== Provided data ==
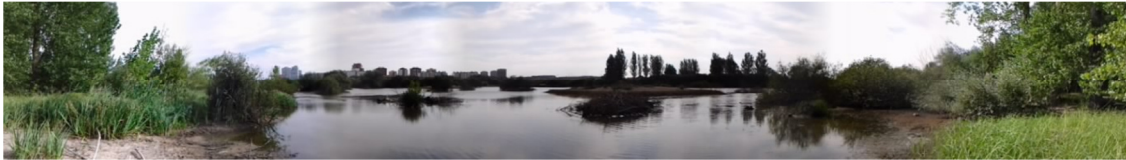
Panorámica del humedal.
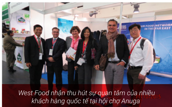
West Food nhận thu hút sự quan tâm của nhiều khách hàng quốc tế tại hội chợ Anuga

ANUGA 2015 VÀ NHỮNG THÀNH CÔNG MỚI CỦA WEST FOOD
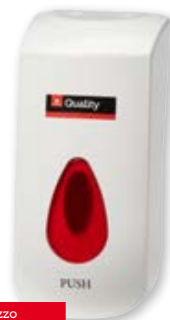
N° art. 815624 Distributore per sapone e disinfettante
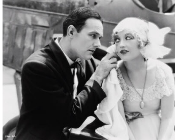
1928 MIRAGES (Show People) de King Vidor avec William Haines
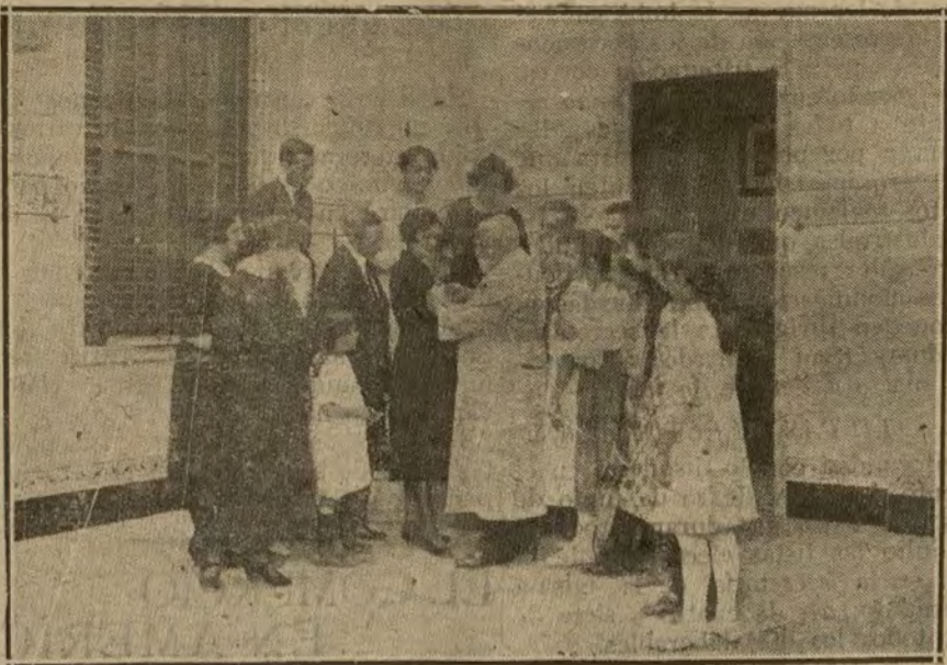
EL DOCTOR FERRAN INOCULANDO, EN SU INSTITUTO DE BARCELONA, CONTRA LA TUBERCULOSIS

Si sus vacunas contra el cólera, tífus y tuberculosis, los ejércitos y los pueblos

* * *

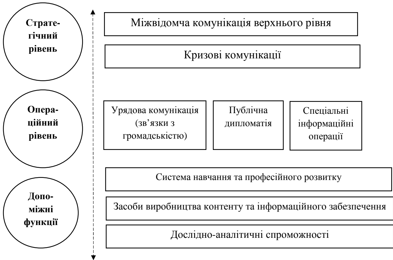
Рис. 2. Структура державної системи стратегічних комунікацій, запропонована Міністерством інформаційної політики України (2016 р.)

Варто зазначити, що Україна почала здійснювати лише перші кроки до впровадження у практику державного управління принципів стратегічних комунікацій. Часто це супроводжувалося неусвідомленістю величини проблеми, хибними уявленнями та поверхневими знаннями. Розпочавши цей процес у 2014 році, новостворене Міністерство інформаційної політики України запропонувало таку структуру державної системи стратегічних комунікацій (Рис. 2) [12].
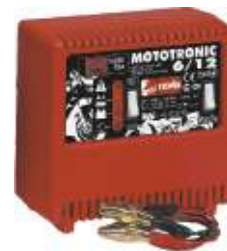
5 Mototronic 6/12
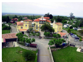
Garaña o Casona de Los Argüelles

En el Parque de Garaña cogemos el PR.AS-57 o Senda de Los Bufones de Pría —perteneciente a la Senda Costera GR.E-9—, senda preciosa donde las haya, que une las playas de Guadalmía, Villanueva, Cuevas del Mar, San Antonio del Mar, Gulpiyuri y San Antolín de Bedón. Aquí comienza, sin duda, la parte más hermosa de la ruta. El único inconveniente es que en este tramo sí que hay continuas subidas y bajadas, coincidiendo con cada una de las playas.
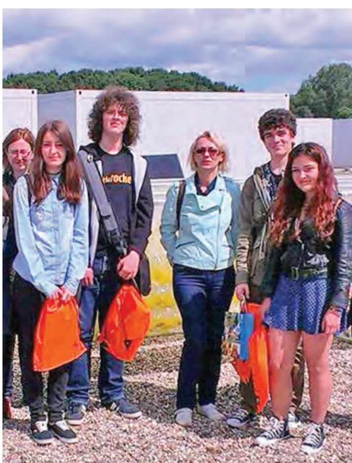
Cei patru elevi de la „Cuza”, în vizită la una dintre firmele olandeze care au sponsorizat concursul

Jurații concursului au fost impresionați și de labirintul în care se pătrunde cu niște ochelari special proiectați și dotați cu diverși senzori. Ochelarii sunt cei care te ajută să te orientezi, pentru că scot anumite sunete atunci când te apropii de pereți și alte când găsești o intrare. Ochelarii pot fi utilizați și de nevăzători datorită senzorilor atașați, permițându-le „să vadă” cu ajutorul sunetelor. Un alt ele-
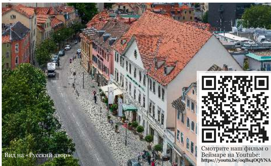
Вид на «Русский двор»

---

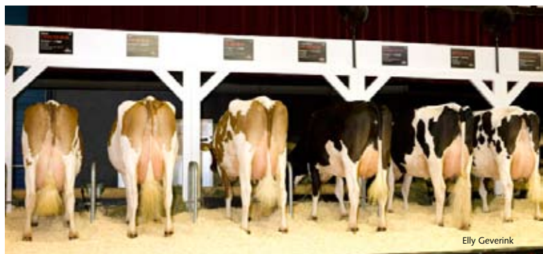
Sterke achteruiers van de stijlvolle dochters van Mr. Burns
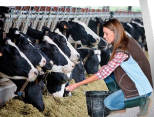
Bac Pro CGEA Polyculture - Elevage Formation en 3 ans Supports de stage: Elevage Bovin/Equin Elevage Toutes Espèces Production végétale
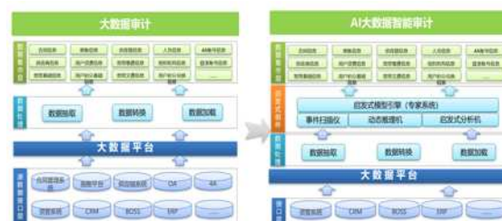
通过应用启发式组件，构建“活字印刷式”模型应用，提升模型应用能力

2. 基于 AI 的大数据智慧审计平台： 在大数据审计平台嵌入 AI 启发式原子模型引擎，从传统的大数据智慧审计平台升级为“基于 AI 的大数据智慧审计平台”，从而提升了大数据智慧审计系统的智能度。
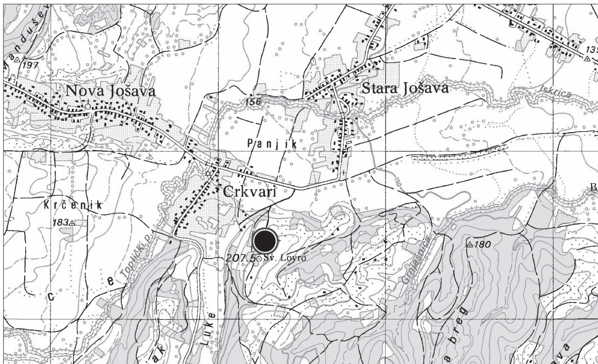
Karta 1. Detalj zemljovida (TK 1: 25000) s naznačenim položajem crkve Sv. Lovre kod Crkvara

== To do ==
Precisely those lines above that run from the line with "Sterke achteruiers van" up to and including the line with "Karta 1. Detalj" are to be set down, with the pictures omitted.

== Output of the exercise ==
Sterke achteruiers van de stijlvolle dochters van Mr. Burns
Bac Pro CGEA Polyculture - Elevage Formation en 3 ans Supports de stage: Elevage Bovin/Equin Elevage Toutes Espèces Production végétale
通过应用启发式组件，构建“活字印刷式”模型应用，提升模型应用能力

2. 基于 AI 的大数据智慧审计平台： 在大数据审计平台嵌入 AI 启发式原子模型引擎，从传统的大数据智慧审计平台升级为“基于 AI 的大数据智慧审计平台”，从而提升了大数据智慧审计系统的智能度。
Karta 1. Detalj zemljovida (TK 1: 25000) s naznačenim položajem crkve Sv. Lovre kod Crkvara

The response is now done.